Wastewater treatment plant: A facility or group of units used for the treatment of industrial or domestic wastewater for sewer systems and for the reduction and handling of solids and gasses removed from such waste, whether or not such facility is discharging into state waters.
Wholesale trade establishment: An establishment engaged in the selling or distribution of merchandise to retailers, to industrial, commercial, institutional or professional business users, or to other wholesalers.
Wireless telecommunication equipment: Any equipment used to provide wireless telecommunication service, but which is not affixed to or contained within a wireless telecommunication facility, but is instead affixed to or mounted on an existing building or structure that is used for some other purpose. Wireless telecommunication equipment also includes a ground mounted base station used as an accessory structure that is connected to an antenna mounted on or affixed to an existing building.

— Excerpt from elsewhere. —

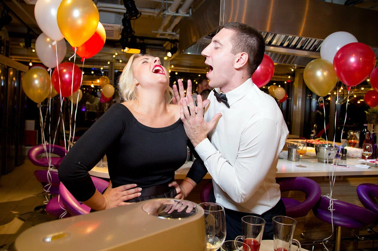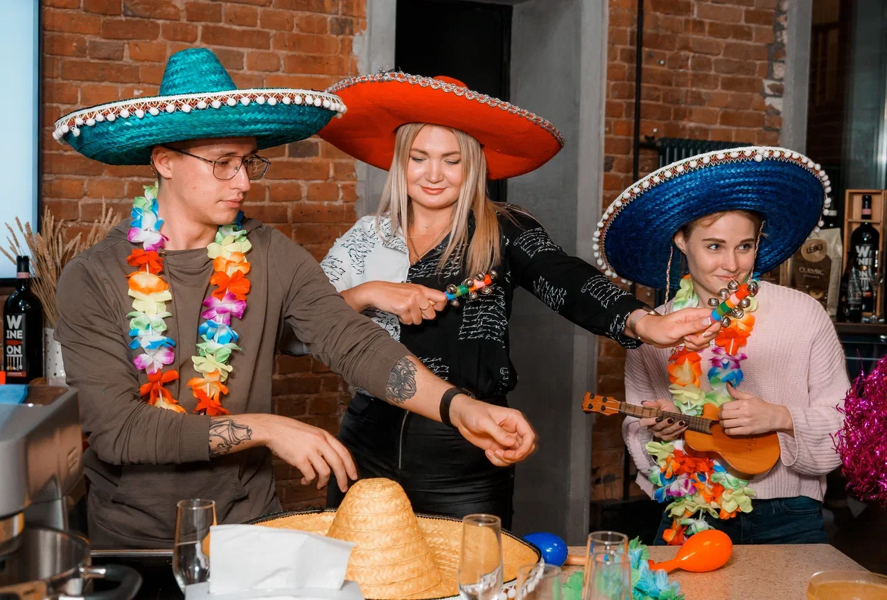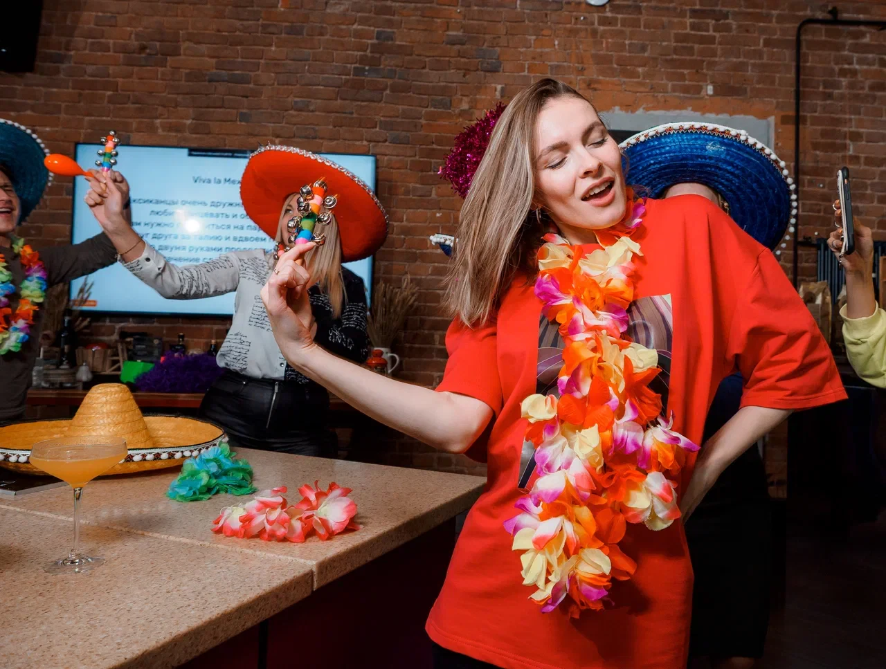 Организуйте уголок с яркими реквизитами для фотосессий, отражающими тематику мероприятия. Включите в фотозону маски, шляпы, шарфы – все, что может добавить веселья и индивидуальности на фотографиях.Подготовьте маленькие подарки, которые будут приятными сувенирами с торжества. Учтите тематику мероприятия при выборе подарков, чтобы они вписывались в общую концепцию.Предложите гостям уютную зону для дегустации, где они смогут насладиться изысканными блюдами, коктейлями.Создайте стильный стол, отражающий выбранную тематику. Например, для мексиканской вечеринки – экзотические фрукты и яркая посуда, для шпионской – белые скатерти, хрусталь и бархат.Устройте застолье в тематике вечера. Стол в данном случае не просто еда, а важный элемент для праздничного настроения.• Конкурсы, игры. Разнообразьте программу интересными конкурсами, подогревая атмосферу смехом, соревновательным духом. Ведущий умело взаимодействует с участниками, делая каждую игру запоминающейся, веселой.Нет ничего важнее, чем профессиональный ведущий, способный создать вихрь позитивных эмоций, веселья. Подберите ведущего, который сможет стать не просто катализатором развлечений, а душой праздника – это ключ к успешному вечеру, который запомнится всем.Веселые викториныУстройте шпионам проверку – пусть найдут все улики, соберут отпечатки и разгадают тайну пропавшего ящика с шампанским.• Конкурс на самый оригинальный костюм, чтобы каждый смог выразить индивидуальность.Развлечения, игры• шары,
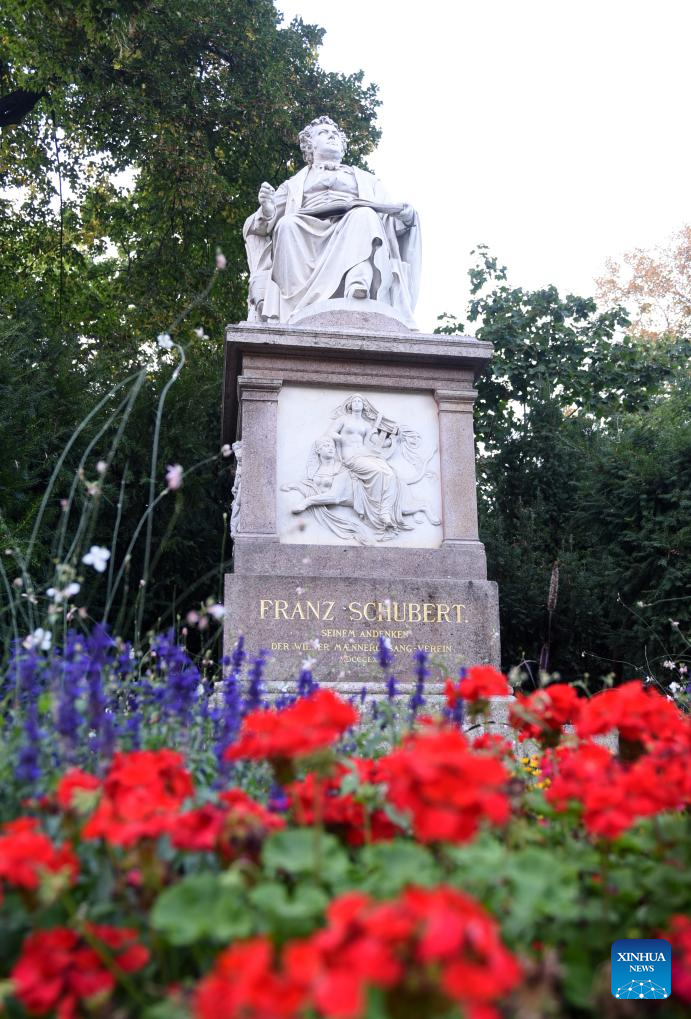 This photo taken on Oct. 2, 2023 shows a monument of Franz Schubert in Vienna, Austria.

Wireless telecommunication facility: Any freestanding facility, building, pole, tower, or structure used to provide wireless telecommunication services, and which consists of, without limitation, antennae, equipment and storage and other accessory structures used to provide wireless telecommunication services.
Wrecked motor vehicle compound: An area used to store disabled or impounded motor vehicles until such time as their disposition (either by junk, salvage, repair, etc.) has been determined by the insurance company, the owner of the vehicle, or his legal representative.
Yard sale: The temporary sale of home furniture, appliances, clothing and/or domestic items owned by an occupant of a residential dwelling and taking place on the premises on which such occupant resides, whether in the yard or in a carport or garage. Yard sales which do not take place on the premises on which such occupant resides are considered open-air businesses, except that this shall not be construed to prevent the sale of such items by another family or household in connection with an event where such items are sold by the occupant of a residence on the premises where the yard sale occurs. This term includes garage sales.